• [ACTIVITY]: Give back exactly the line containing "商品名: 首の負担を和らげる傾斜があるペットフードボウル(ホワイト)" and all that follow it in the data below, with the pictures left out.

(RECORDS TO USE begins)

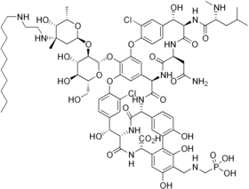 - 1 2 3 Van Bambeke F. (August 2006). "Glycopeptides and glycodepsipeptides in clinical development: a comparative review of their antibacterial spectrum, pharmacokinetics and clinical efficacy". Curr Opin Investig Drugs. 7 (8): 740–9. PMID 16955686.
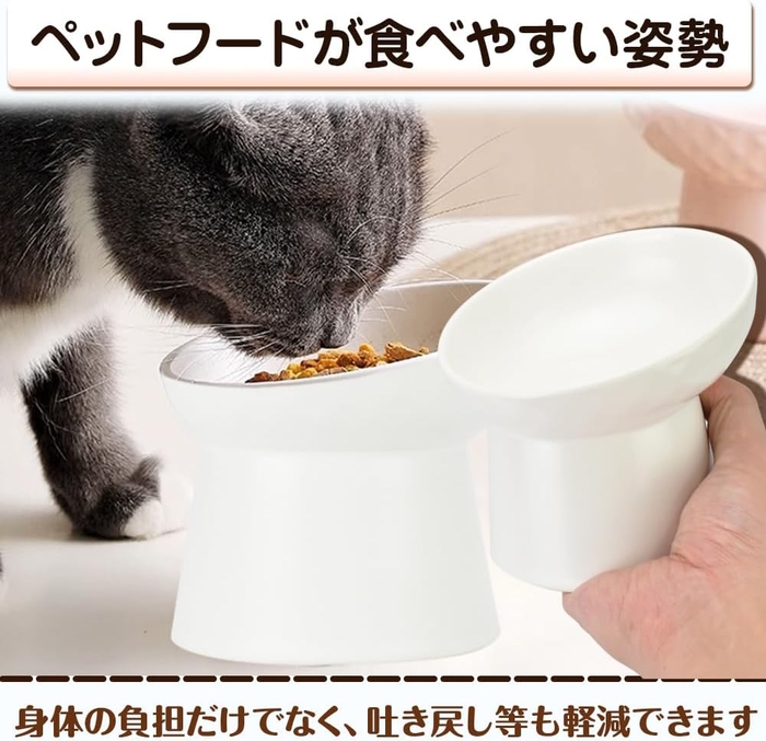 商品名: 首の負担を和らげる傾斜があるペットフードボウル(ホワイト)
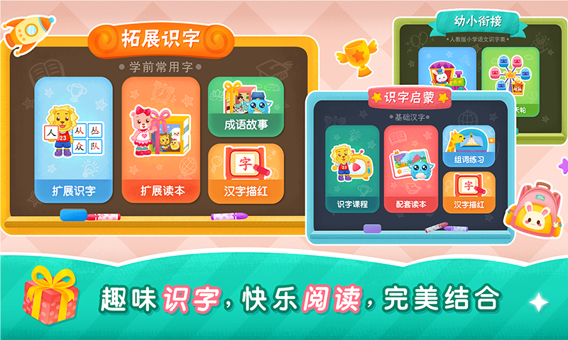 每天都有全新的学习故事和识字游戏,让孩子的学习热情持续高涨。
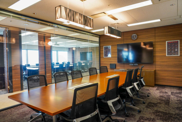 この応接室はオフィスビルの角に位置し、6つの会議室の中で最も開けた眺望を楽しむことができます。
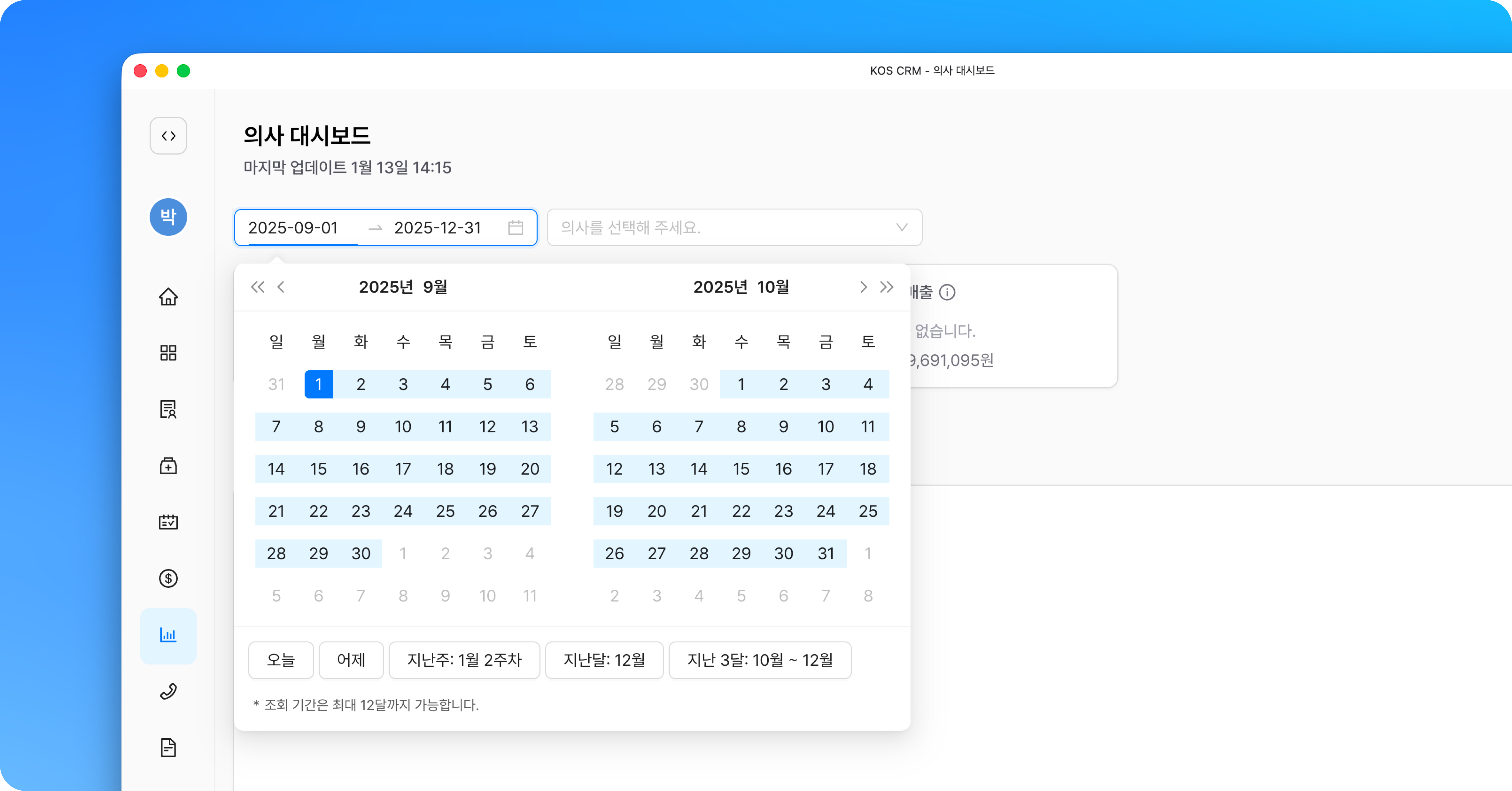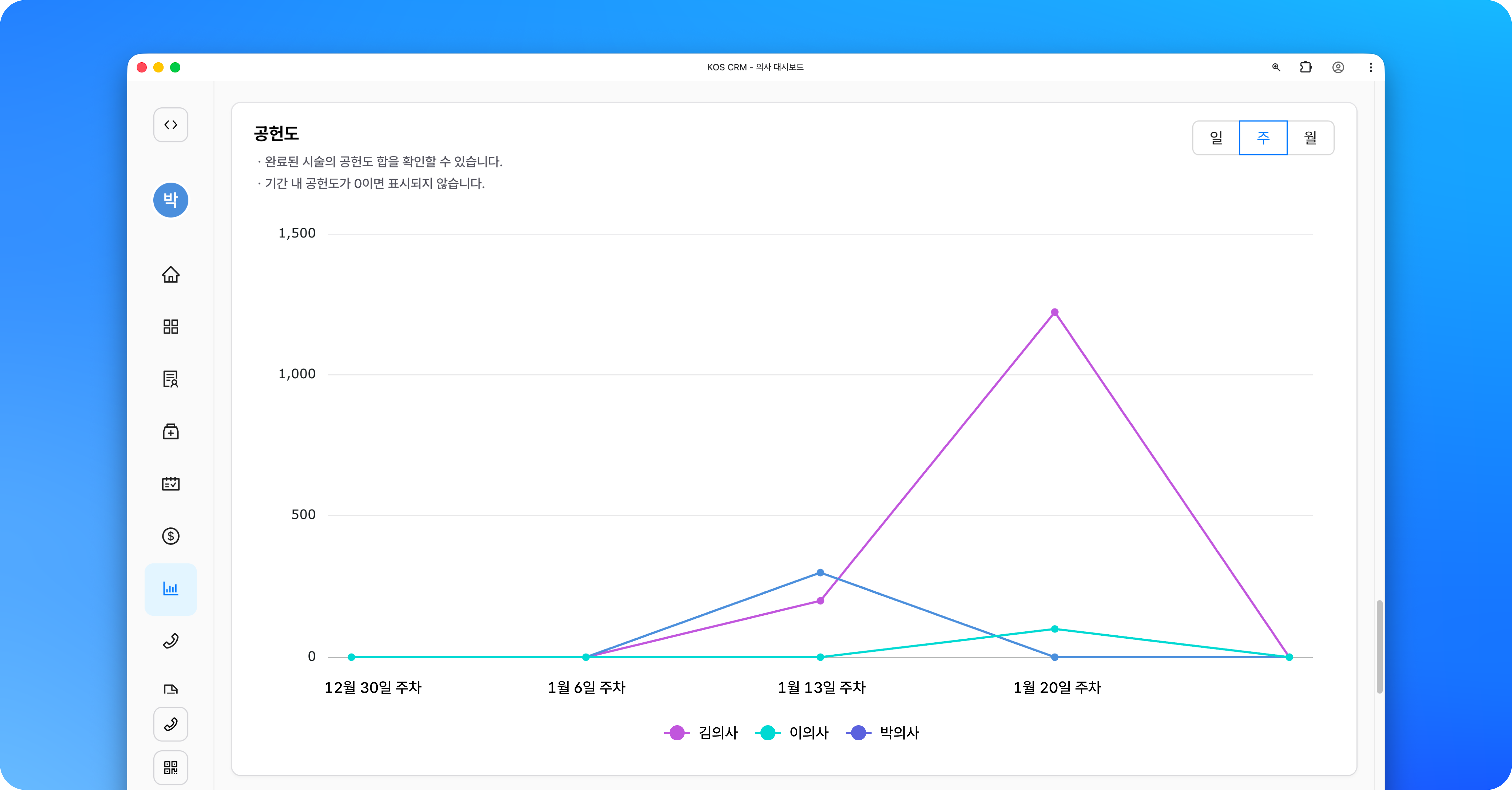왼쪽 메뉴에서 [통계]-[의사 대시보드]로 이동합니다.

(RECORDS TO USE ends)

• [REPLY]:
 商品名: 首の負担を和らげる傾斜があるペットフードボウル(ホワイト)
 每天都有全新的学习故事和识字游戏,让孩子的学习热情持续高涨。
 この応接室はオフィスビルの角に位置し、6つの会議室の中で最も開けた眺望を楽しむことができます。
왼쪽 메뉴에서 [통계]-[의사 대시보드]로 이동합니다.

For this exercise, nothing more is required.